- [REQUIRED WORK]:
Look through the data below for the line with "2、进入到【网络和共享中心】后,再点击【更改高级共享设置】。" and the line with "Fall can be", then transcribe exactly from the first through the second, leaving out all pictures.

- [LISTED ENTRIES]:

★ ★ ★ ★

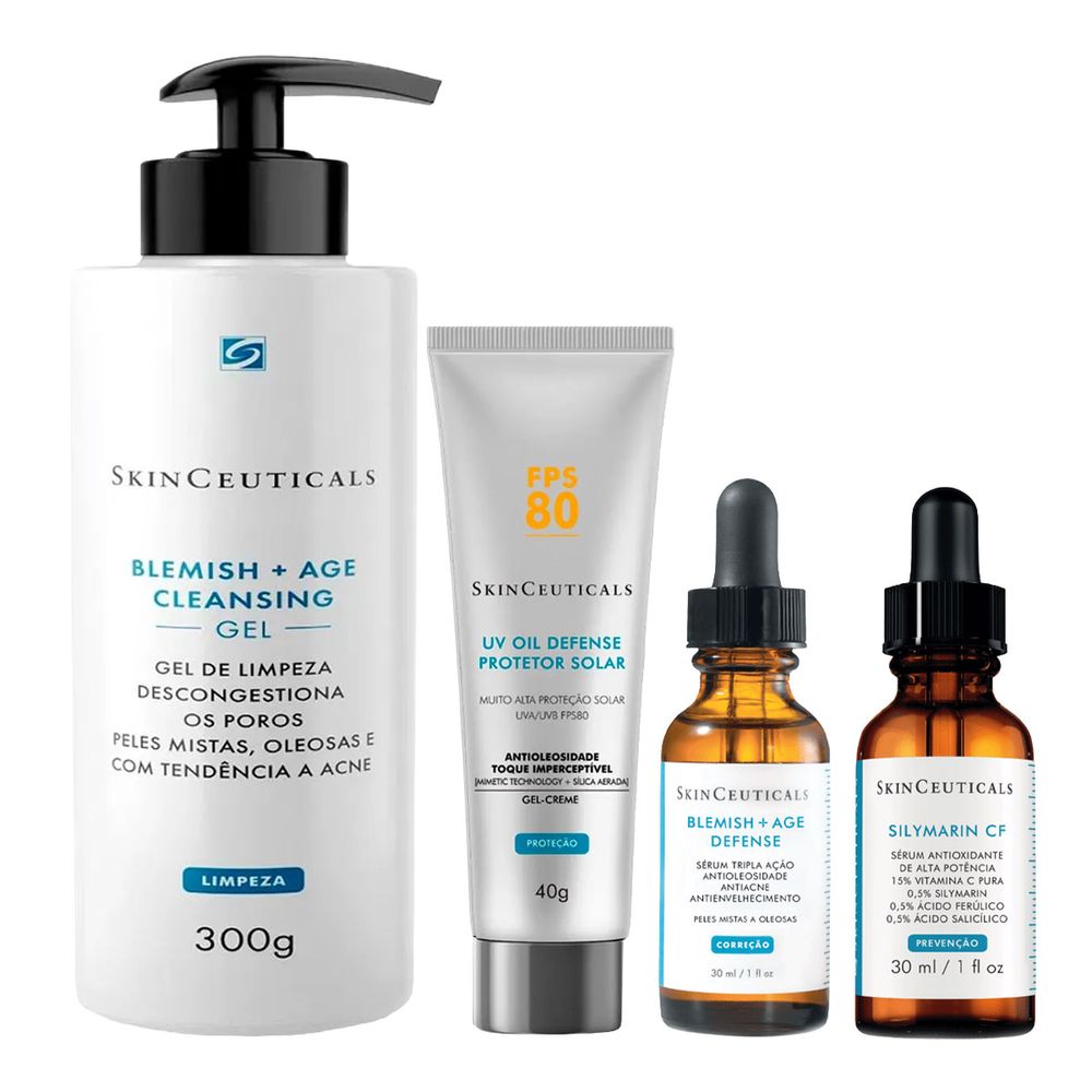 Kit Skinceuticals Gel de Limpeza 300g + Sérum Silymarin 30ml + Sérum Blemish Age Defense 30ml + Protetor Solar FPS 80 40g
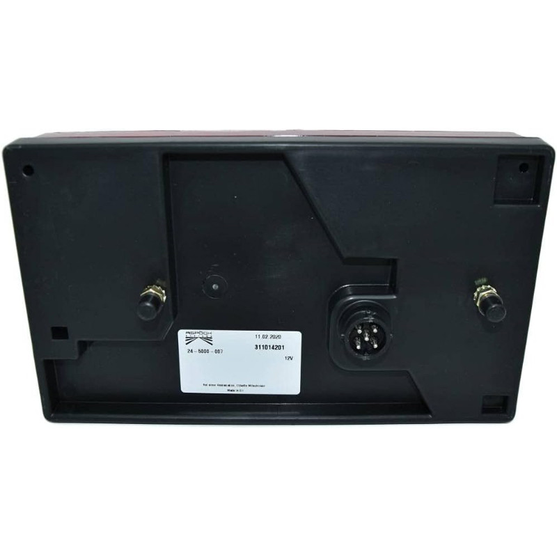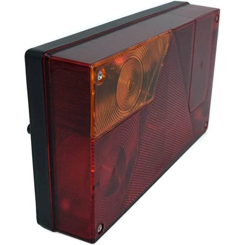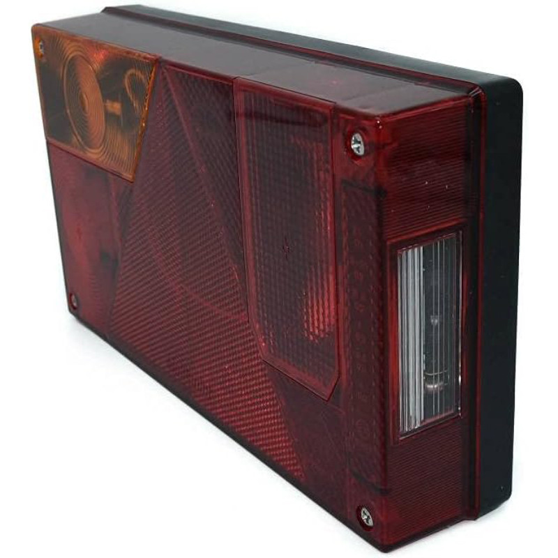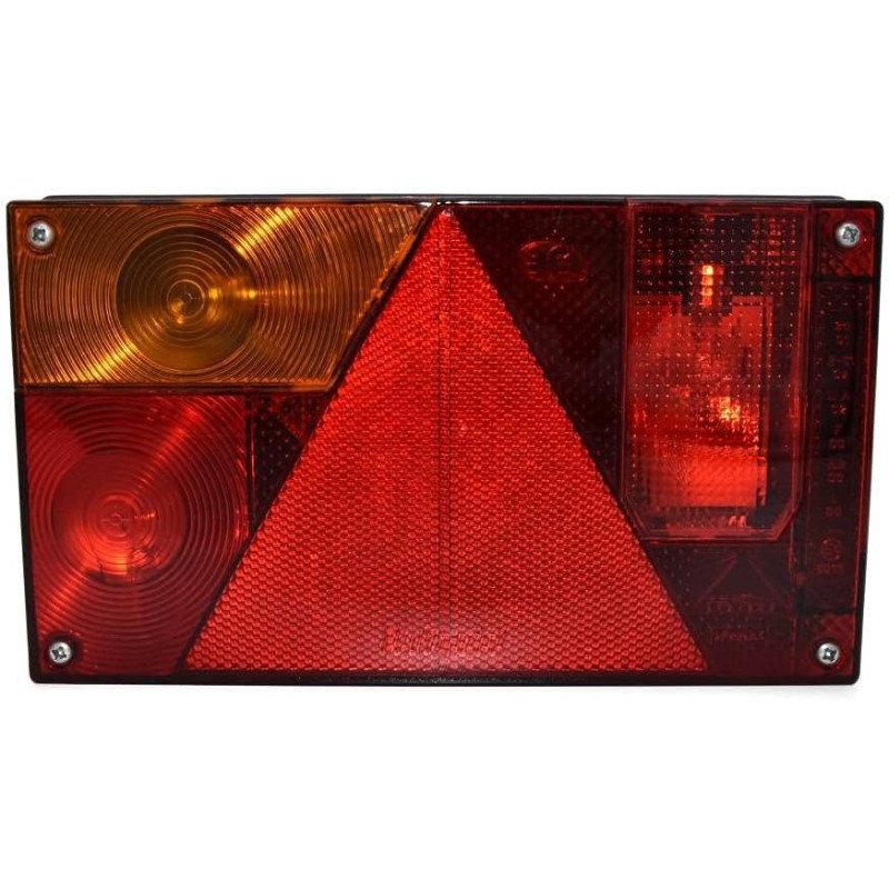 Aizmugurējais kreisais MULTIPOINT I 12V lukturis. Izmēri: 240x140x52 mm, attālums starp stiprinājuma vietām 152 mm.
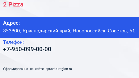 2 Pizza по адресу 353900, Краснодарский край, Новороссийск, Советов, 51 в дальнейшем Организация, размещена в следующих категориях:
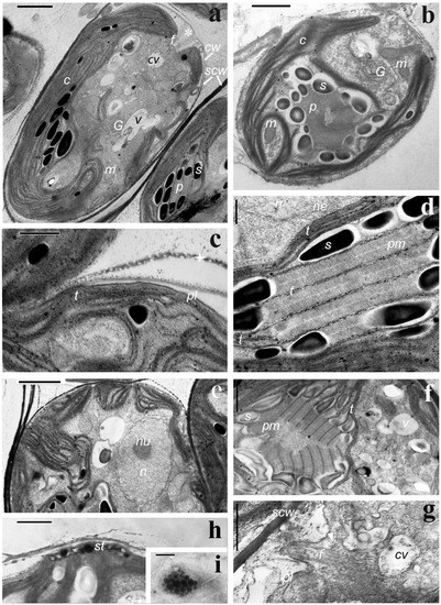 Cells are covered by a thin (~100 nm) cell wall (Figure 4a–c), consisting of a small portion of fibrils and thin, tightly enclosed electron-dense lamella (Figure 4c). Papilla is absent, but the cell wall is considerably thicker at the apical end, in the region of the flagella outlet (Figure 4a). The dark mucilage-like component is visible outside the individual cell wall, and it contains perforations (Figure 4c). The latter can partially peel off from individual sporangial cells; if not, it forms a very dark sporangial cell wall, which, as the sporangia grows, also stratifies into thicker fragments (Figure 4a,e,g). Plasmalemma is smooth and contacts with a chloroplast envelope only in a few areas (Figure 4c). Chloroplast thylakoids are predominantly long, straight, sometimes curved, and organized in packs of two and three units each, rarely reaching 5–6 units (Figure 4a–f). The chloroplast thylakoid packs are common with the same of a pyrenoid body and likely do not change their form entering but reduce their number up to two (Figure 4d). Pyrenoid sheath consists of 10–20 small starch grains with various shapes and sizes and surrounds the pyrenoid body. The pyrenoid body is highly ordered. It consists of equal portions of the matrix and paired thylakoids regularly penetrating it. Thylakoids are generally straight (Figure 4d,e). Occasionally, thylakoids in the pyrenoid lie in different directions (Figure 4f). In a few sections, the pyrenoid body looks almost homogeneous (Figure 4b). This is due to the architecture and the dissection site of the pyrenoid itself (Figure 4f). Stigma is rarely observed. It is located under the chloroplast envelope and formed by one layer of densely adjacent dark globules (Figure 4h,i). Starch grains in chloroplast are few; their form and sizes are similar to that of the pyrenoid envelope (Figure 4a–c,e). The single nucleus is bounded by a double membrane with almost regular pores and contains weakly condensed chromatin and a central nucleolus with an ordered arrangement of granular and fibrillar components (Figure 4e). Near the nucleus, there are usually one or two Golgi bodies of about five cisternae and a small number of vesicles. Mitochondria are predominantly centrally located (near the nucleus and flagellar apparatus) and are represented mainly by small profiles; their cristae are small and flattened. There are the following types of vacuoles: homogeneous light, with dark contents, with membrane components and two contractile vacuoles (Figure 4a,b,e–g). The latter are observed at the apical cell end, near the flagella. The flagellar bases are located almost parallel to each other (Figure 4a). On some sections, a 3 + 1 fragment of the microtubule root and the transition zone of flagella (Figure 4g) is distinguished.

★ ★ ★ ★

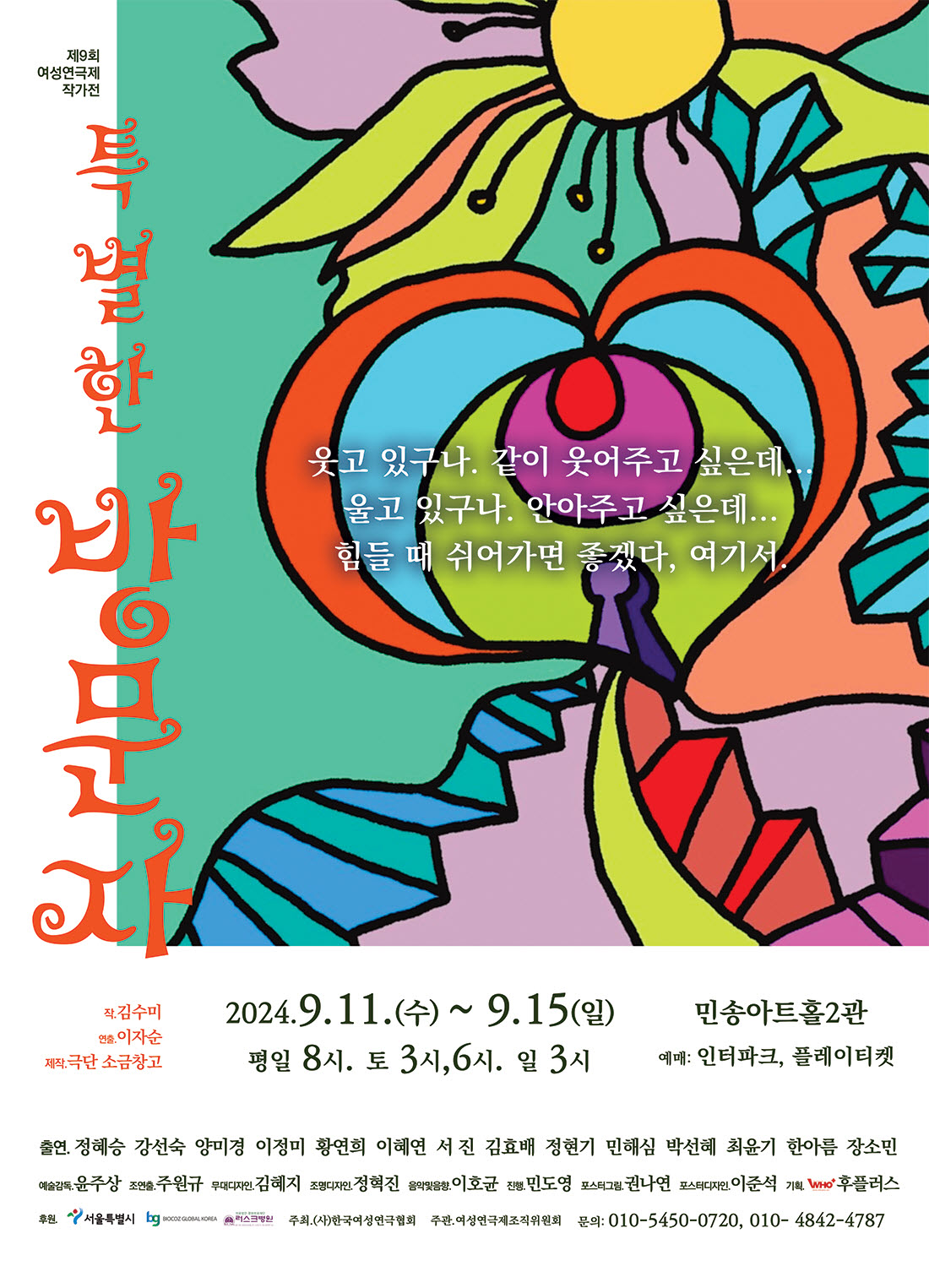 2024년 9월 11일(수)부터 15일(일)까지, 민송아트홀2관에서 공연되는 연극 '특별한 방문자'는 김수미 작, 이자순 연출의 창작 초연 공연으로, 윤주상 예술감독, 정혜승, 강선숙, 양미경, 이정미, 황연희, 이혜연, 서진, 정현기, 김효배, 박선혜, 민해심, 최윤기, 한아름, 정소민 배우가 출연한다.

★ ★ ★ ★

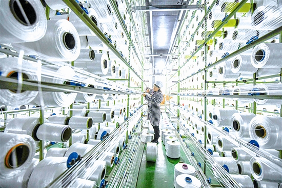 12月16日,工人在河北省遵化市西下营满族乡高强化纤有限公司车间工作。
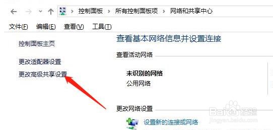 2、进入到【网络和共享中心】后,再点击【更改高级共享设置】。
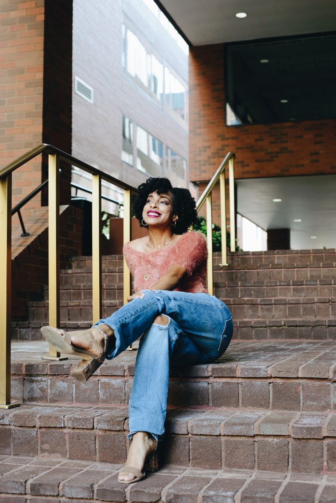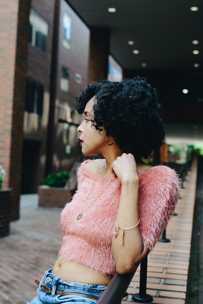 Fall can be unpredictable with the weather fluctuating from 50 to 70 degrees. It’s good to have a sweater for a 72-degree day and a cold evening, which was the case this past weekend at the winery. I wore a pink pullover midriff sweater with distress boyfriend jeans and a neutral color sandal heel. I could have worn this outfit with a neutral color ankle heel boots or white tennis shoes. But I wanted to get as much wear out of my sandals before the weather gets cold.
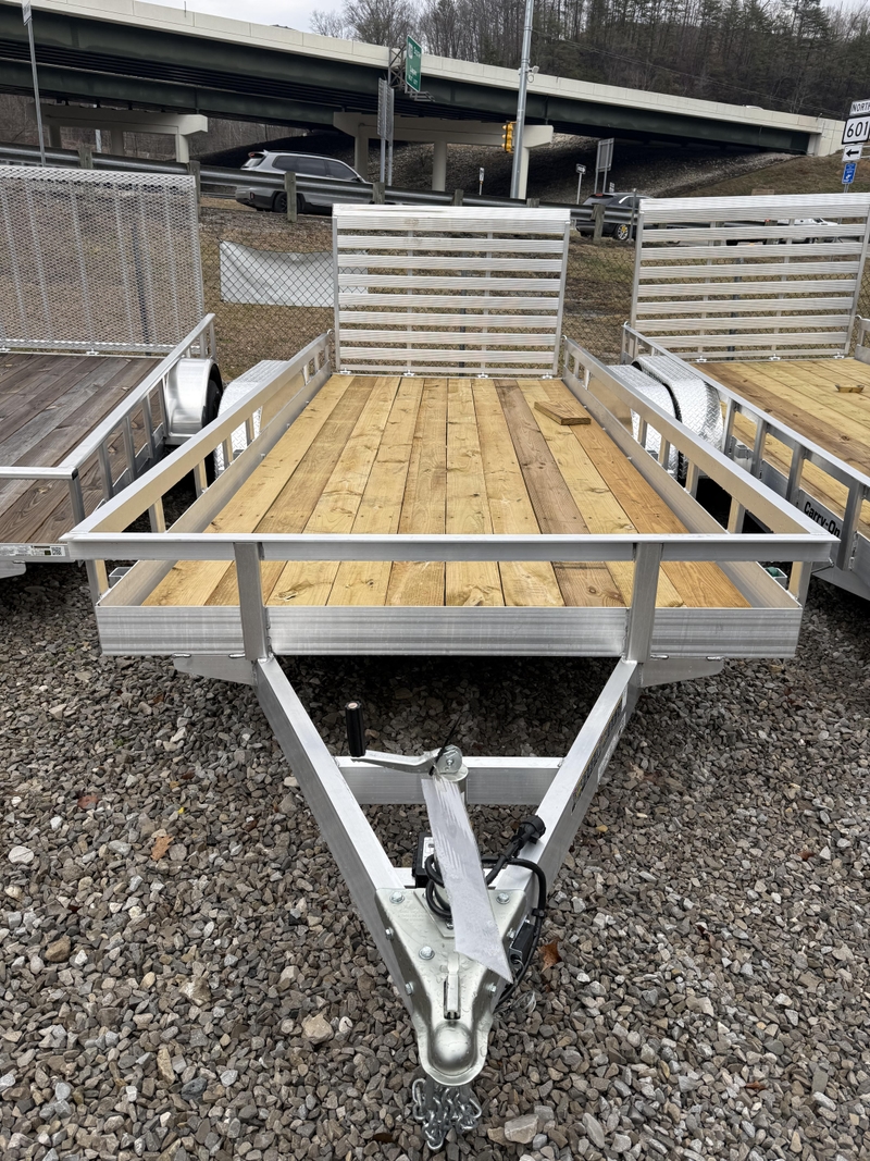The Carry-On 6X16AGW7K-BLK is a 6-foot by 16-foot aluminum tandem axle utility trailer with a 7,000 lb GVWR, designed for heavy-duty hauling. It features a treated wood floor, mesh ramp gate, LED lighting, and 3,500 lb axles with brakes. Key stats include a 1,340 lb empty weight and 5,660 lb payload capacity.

★ ★ ★ ★

- [RESPONSE TO THIS TASK]:
 2、进入到【网络和共享中心】后,再点击【更改高级共享设置】。
 Fall can be unpredictable with the weather fluctuating from 50 to 70 degrees. It’s good to have a sweater for a 72-degree day and a cold evening, which was the case this past weekend at the winery. I wore a pink pullover midriff sweater with distress boyfriend jeans and a neutral color sandal heel. I could have worn this outfit with a neutral color ankle heel boots or white tennis shoes. But I wanted to get as much wear out of my sandals before the weather gets cold.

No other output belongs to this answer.